Critics have found fault with the series, due largely to the lack of anything resembling dramatic tension before the bombs go off. The “Guardian” described “Bali 2002” as “out of its depth”, explaining that it “feels like a very loose simulation of historical events”.

Although a bilingual production, the series is unlikely to attract many Indonesian viewers because of its on-again, off-gain colonial portrayal of Bali as a resort island and its Australian-centric view of the tragedy.

But the series may increase interest among viewers about Bali itself. Although the island’s all-important tourism industry collapsed overnight in the wake of the attack, Australians have since led the revival in visitors.

In 2019, before the pandemic, Bali was the most popular foreign destination for Australians traveling abroad after New Zealand, with 1.23 million visitors, according to the Indonesia Institute, a Perth-based think tank. Now that Indonesia’s borders have reopened, Australians once again make up the largest number of foreign tourists on the island, accounting for nearly half of them.

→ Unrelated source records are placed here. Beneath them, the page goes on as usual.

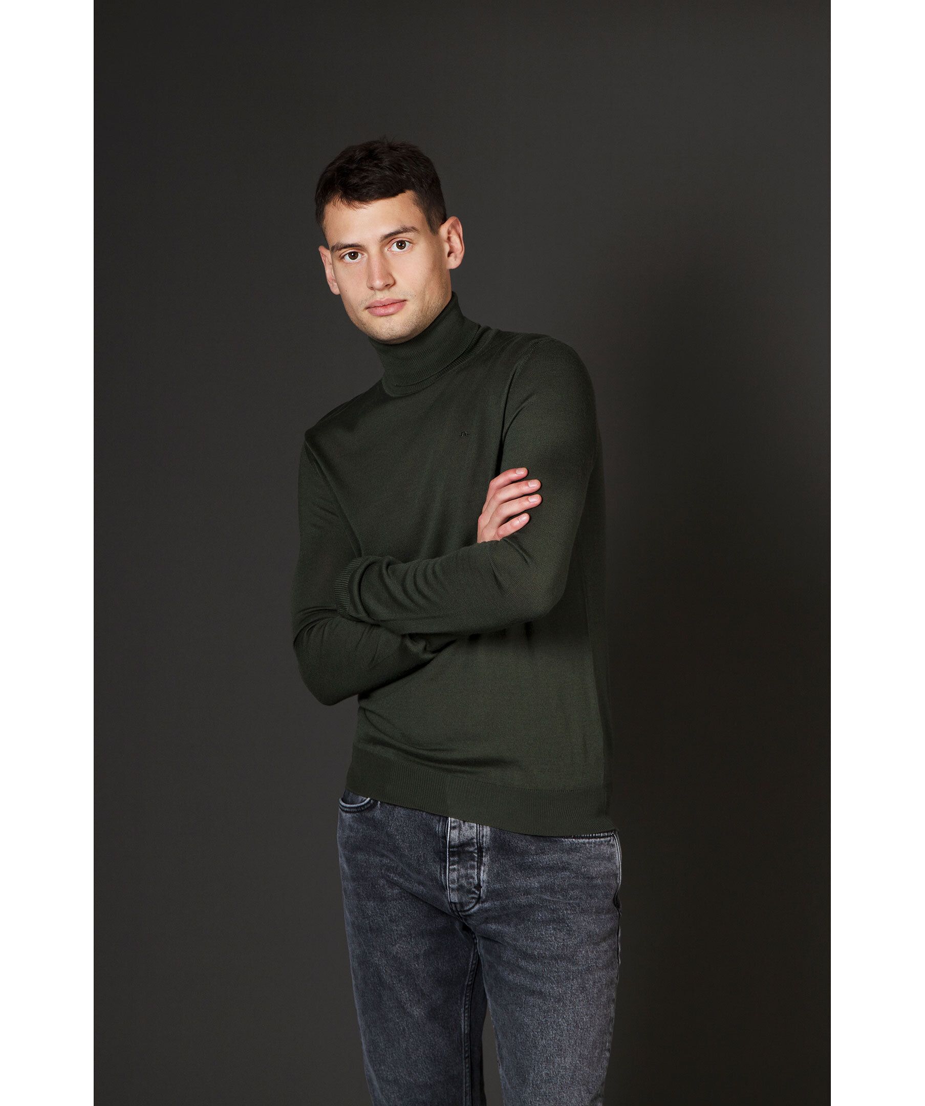 Mossgrön, finstickad polotröja från J.Lindeberg. Tillverkad i merinoull och har fint ribbade muddar på ärmar, på kragen och i plaggslutet. Liten broderad logga i ton-i ton på bröstet.
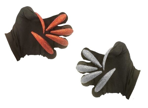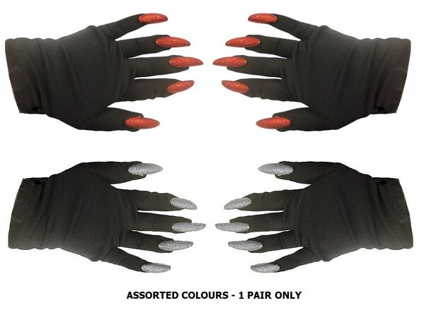 These versatile wrist length gloves are made from black stretch fabric and feature long glitter nails glued onto each fingertip - the nails are an impressive 6cm long and are sure to leave a lasting impression - perfect for parties, trick-or-treating or getting into the Halloween spirit!
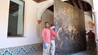 El Hospital de San Juan de Dios de Granada inicia la intervención de conservación y restauración de una de las joyas del Barroco: el lienzo 'Persecución de los hospitalarios en Polonia' (también conocido como 'Martirio de varios frailes hospitalarios'), una obra de gran formato del siglo XVII, ubicada históricamente en la escalera monumental del hospital, edificio declarado Bien de Interés Cultural en 1980.
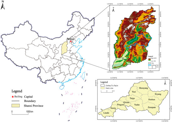 Jinzhong City is located in the central part of Shanxi Province, at latitude 111°25′ E–114°05′ E, 36°40′ N–38°06′ N. It is an important node of the central urban agglomeration in Shanxi and a national resource-based economic transformation and development demonstration area. As an important engine of the national energy revolution comprehensive reform pilot area, Jinzhong City is the main coal-producing area in Shanxi Province, belonging to China’s 14 billion tons of large coal bases and 9 million kilowatts of large coal power bases (Figure 1). By 2020, the coal resource reserve will reach 26.77 billion tons, which is typical of a mature coal resource city. However, the rapid economic growth of Jinzhong City highly relied on coal resources, and the large-scale mining of coal inevitably destroyed the local ecological environment. The contradiction between coal resource mining and the ecological environment has become the main contradiction faced by sustainable development, and it is urgent to carry out sustainable transformation and development.
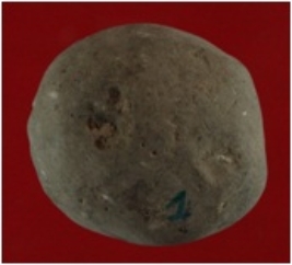 | Description / विवरण | Trench XF 4, Qdt 1, pit 1 SB layer 4, depth 335 It is a ball made of terracotta. Almost round in shape. Surface is rough and colour is muddy. |
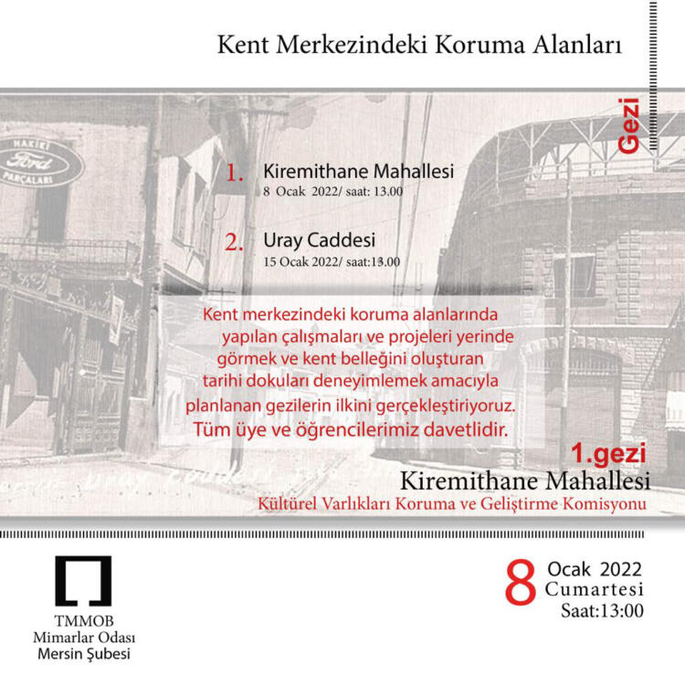 Kültürel Varlıkları Koruma ve Geliştirme Komisyonu / Kent Merkezindeki Koruma Alanları 1. Gezi Etkinliği “Kiremithane Mahallesi Gezisi” / 08.01.2022
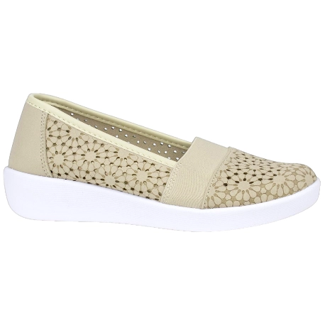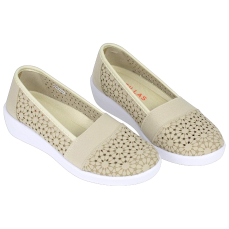 Zapatos de Verano estilo manoletina, fabricados en telas color beis, con troquelado láser, lo que le da sus diseños florales tan característicos.
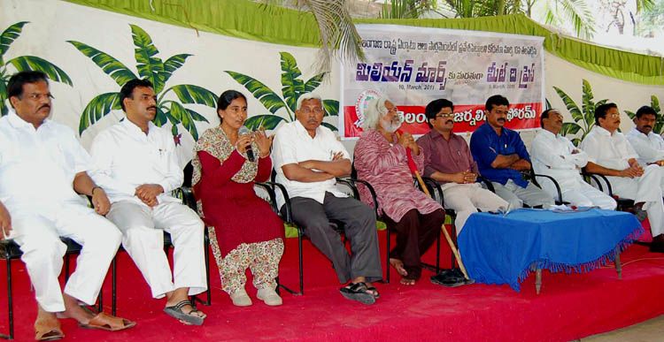 Pro-Telangana leaders address media persons at Somajiguda Press Club in Hyderabad on Wednesday on the eve of the proposed Million March. INN Photos.

The phenomenon speaks volumes about the unbreakable bonds that formed between the two peoples. This sentiment was summed up by then Australian prime minister John Howard when he visited Kuta six days after the attack.

“As we grapple inadequately and in despair to try and comprehend what has happened, let us gather ourselves together, let us wrap our arms not only around our fellow Australians but our arms around the people of Indonesia, of Bali,” he said.